The earth beneath...
16 March 2011
For a moment, I simply could not believe that what I was seeing was not a movie. A dark, horizontal curtain speeding across the landscape, closing down everything in its path...it was not a movie; it had happened hours earlier in Japan. And for another moment, I felt amazed that I could be so distracted from the world that I didn't even know this earthquake and tsunami had evolved two days prior. As much as I still feel the earth figuratively shift beneath my feet from grief, it was reality for hundreds of thousands of my brothers and sisters in humanity.
The first anniversary of losing my daughter is approaching, feeling much like that curtain, wiping out every step forward I thought I'd made, threatening the fragile cords of familial connection that grief and pain and adjustment have been working to cut through. We have friends with relatives living or working in Japan, and I look at these scenes that Steven Spielberg surely must have created, and feel their fear, worry, anxiety. Out of habit, I think...what if this happened to us, where would I find insulin for my daughter, where would I get my asthma medication so I could breathe in the contaminated air and help my family...

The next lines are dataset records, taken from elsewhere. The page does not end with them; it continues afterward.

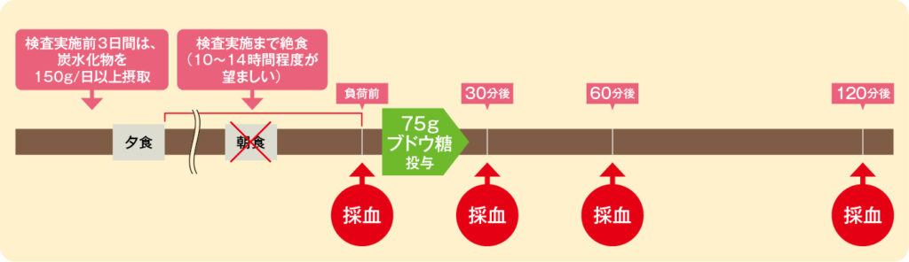 炭水化物の摂取が少ない状態では、糖尿病がなくても耐糖能が低下すると言われています。そのため、炭水化物を適量摂取することは、正確な検査結果を得るための必要な条件です。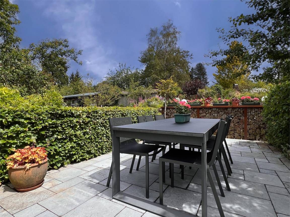 1x Garage(1 Parkplatz), Wäschetrockner, Waschmaschine, Terrasse, Garten(teilweise umzäunt), Gartenmöbel, BBQ(Holzkohle), 3x Parkplatz, Tischfußball, 3x Hochstuhl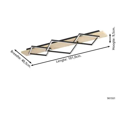Eglo Plafonnier Boyal Échantillon Bois Noir Brun 13W 1750lm - 830 Blanc Chaud | IP20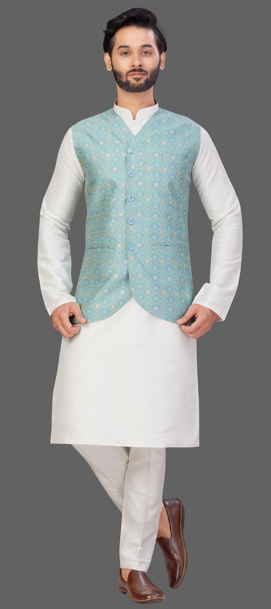 Art Silk Kurta Pyjama with Jacket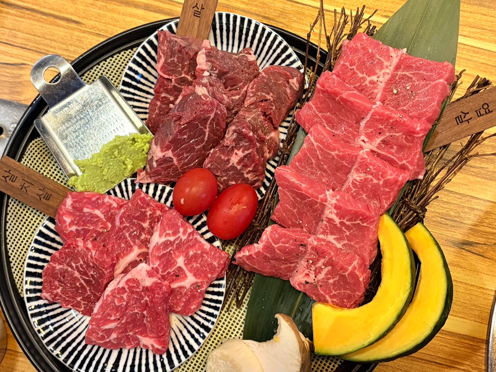 마블링이 살아있는 살치살. 살치살은 소금 톡톡해서 먹으니 맛있었는데 세가지 부위를 돌아가며 한 점씩 구워먹는 재미가 있었다.

Nuclear meltdowns, urban evacuations, lack of food and clean water, missing children and sisters and brothers and mothers and fathers...more tragedy than can be imagined is contained within the 42-inch, high definition screen that sits in comfort in my air-conditioned, 18 x 25-foot family room filled with books and pillows and gold and green and oak and iron. Such grand suffering is beyond my understanding.
There is nothing I can do really but know that this moment pushes forward to the next. My prayers, my thoughts, my love--with my every exhale--must add to the millions more prayers and thoughts and bits of love going out to this place that needs me, that needs all of us. I can believe that in some existential way, the loss of my child equates to the loss of all my children equates to the loss of one and all of the world's children. This loss, like a scary toad, sat in the darkness waiting to frighten me, sadden me, most of my life--and I thought it was not survivable. But, moment by moment, anything can survive. For one moment more.